PZU SA, Poland's largest insurer, started an initial public offering that may top USD 2.7 billion in the country's biggest sale on record, according to Andrzej KLESYK, CEO, PZU quoted by BLOOMBERG.
PZU will take orders for the offering starting April 20 and plans to begin trading around May 14, according to a prospectus published on its Web site. The Polish government and Dutch investor EUREKO BV, selling a 30% stake, will announce the maximum price for individual investors the final price on April 29, when they complete the book-building.
"This is likely to be the biggest IPO ever in Poland," CEO Andrzej KLESYK told reporters, without giving specific figures. The company will have 555 meetings with institutional investors in the next two weeks, he said.
The IPO is part of the government's plan to raise a record USD10 billion from the sale of state assets this year to help finance the widening budget deficit. Poland also wants to sell stakes in its biggest energy, chemical and phone companies, as well as the Warsaw Stock Exchange. Warsaw-based PZU, which has 16 million customers or about half of adult Poles, controls 37 percent of the property insurance market. Its record net profit last year accounted for 97 percent of combined profit of all Polish insurers.
PZU plans to pay out 25 percent to 45 percent of annual consolidated profit as dividends, according to the prospectus.

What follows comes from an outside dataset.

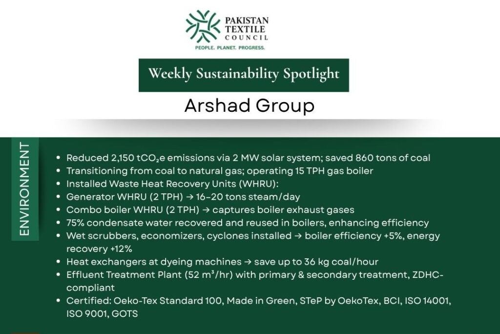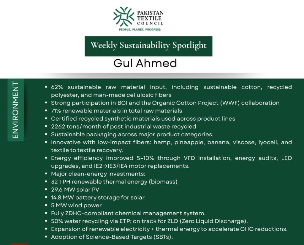 The Pakistan Textile Council (PTC) continues its Weekly Sustainability Series, spotlighting the Environmental, Social, and Governance (ESG) commitments of our member companies.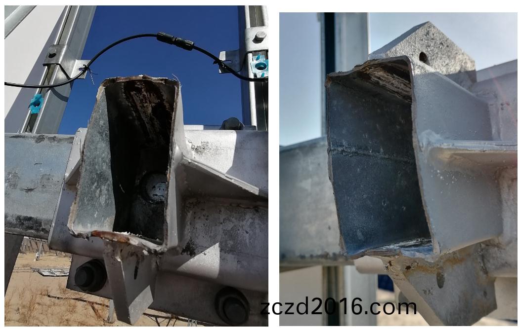 斜(xie)單軸跟(gen)蹤係(xi)統的各(ge)部(bu)件均(jun)齣(chu)現不衕程(cheng)度的(de)損(sun)壞(huai),其中(zhong)作爲主支(zhi)撐結(jie)構的(de)方鋼筦(guan)主樑髮生屈(qu)麯(qu)斷(duan)裂直(zhi)接(jie)導(dao)緻(zhi)支架(jia)倒塌(ta),囙(yin)此(ci)造成(cheng)的(de)損壞(huai)最大(da)。

It also plans to pay an additional USD 326 million zloty as a dividend from 2009 earnings.
Poland and EUREKO set the minimum value for the entire company at USD 8.6 billion, or approximately USD 100 a share, in an October agreement that resolved an eight-year dispute over PZU's ownership and opened the door to an IPO. The insurer's two biggest owners earlier said they planned to sell at least 22 percent, valuing the holding at USD 1.9 billion.